Patrick Barnard does his share in helping the environment and making a difference with his video documentaries
by Bianca Brais
Dawson English professor, Patrick Barnard, 67, member of the Green Coalition in Montreal and Quebec, has been working on his YouTube documentary videos, The Pimento Report, for the last two years, focusing on environmental issues such as the current attempt to save Meadowbrook.
So far, there have been 20 Pimento Reports and they are all approximately 10 minutes long.
“The video topics are related to parks, the environment, green spaces and health. That’s the core, but I’ve covered the 2008-2009 economic crisis and Canadian involvement in Afghanistan,” Barnard said.
One of Barnard’s main projects was to stop the southern part of Westmount Park from being covered with synthetic turf. In 2006, a group of citizens formed an action group, Save the Park, an organization that joined the National Association for Olmsted Parks in Washington, D.C. Barnard explained that 1,000 people signed the petition to save the natural grass in Westmount Park.
“I was involved in the fight to keep natural grass in Westmount Park; the fight to keep the $12.5 million dollars per year budgetary allocation for three years for the City of Montreal’s Natural Spaces Programme and I am now involved in trying to help Les amis de Meadowbrook fight to save the Meadowbrook green space.”
With the previous projects being successful, Barnard hopes the Meadowbrook fight will be a success as well.
Meadowbrook is a green space in the southwestern Montreal region and consists of ancient trees and two of the only remaining streams in Montreal. It acts as a natural air filter and provides a place for birds and other animals year round.
The dilemma is that starting this year, the City of Montreal is planning on building 1500 condos in Meadowbrook, depriving residents and their children of the use of this vastness of greenery. On April 19, at the Montreal City Council Meeting at City Hall, a protest was held to make it clear to Mayor Tremblay that citizens want to save Meadowbrook.
The Pimento Reports are short documentary videos based on current environmental issues.

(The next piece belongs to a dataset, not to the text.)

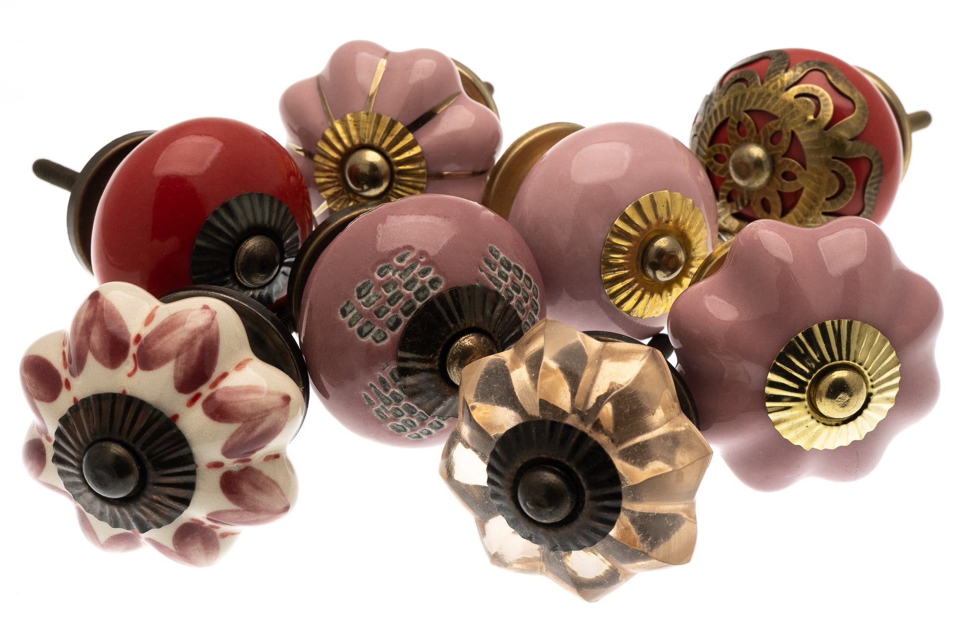 - Set of 8 Ceramic and Glass Door Knobs in Pinks & Reds
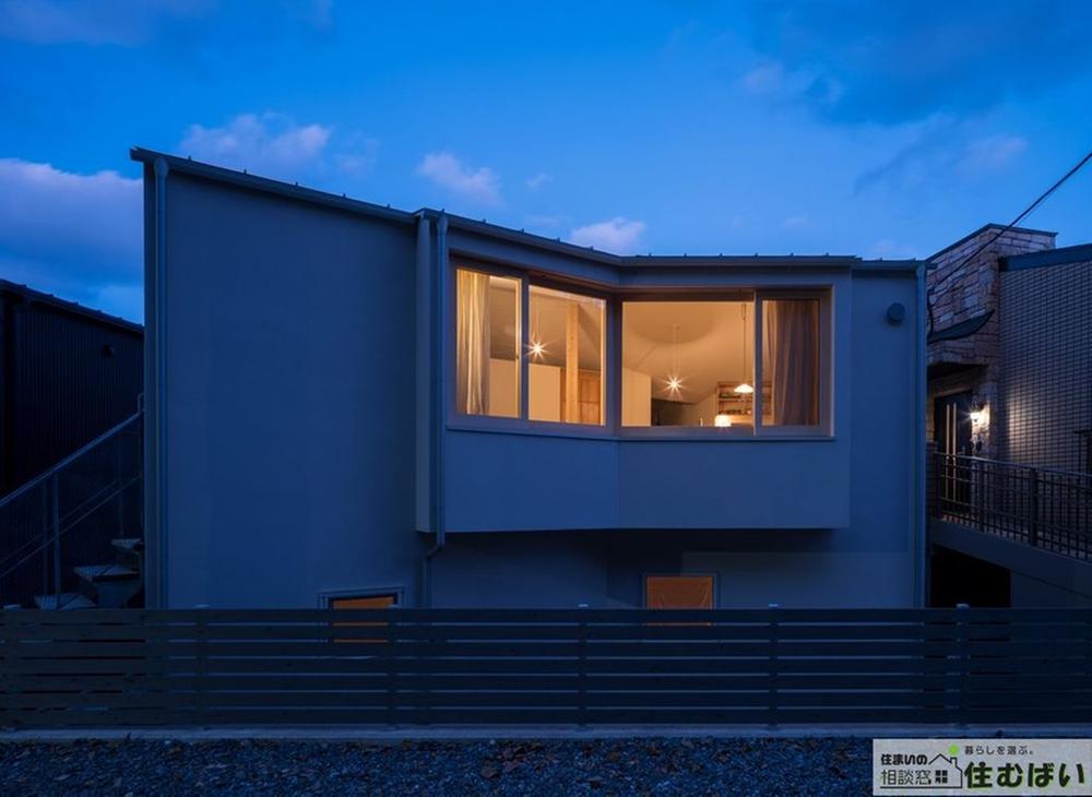 昼間とは異なる表情を見せる、静謐な夜の佇まい。窓から漏れる温かな光は、家族の絆の象徴。プライバシーに配慮しつつ、街並みに洗練された印象を与える外観デザインが、住まう人のこだわりを物語ります。

They are featured in English and there are a few videos in French, but by the end of the summer, Barnard intends on making a video in Spanish.
Producing The Pimento Report is something Barnard enjoys.
“I make no money off of them; they’re social objects belonging to everyone. I love doing it,” he said.
Since the videos are posted on YouTube, anyone can see them whenever they want. It’s an open source.
“YouTube is a visual archive, there’s no technological reason that the videos will disappear,” Barnard said.
Since YouTube is free, anything can be put up. Barnard tries to make all his videos accurate so if anyone wanted to broadcast them, the facts would be precise.
Before settling down and teaching at Dawson, Barnard was a journalist for many years.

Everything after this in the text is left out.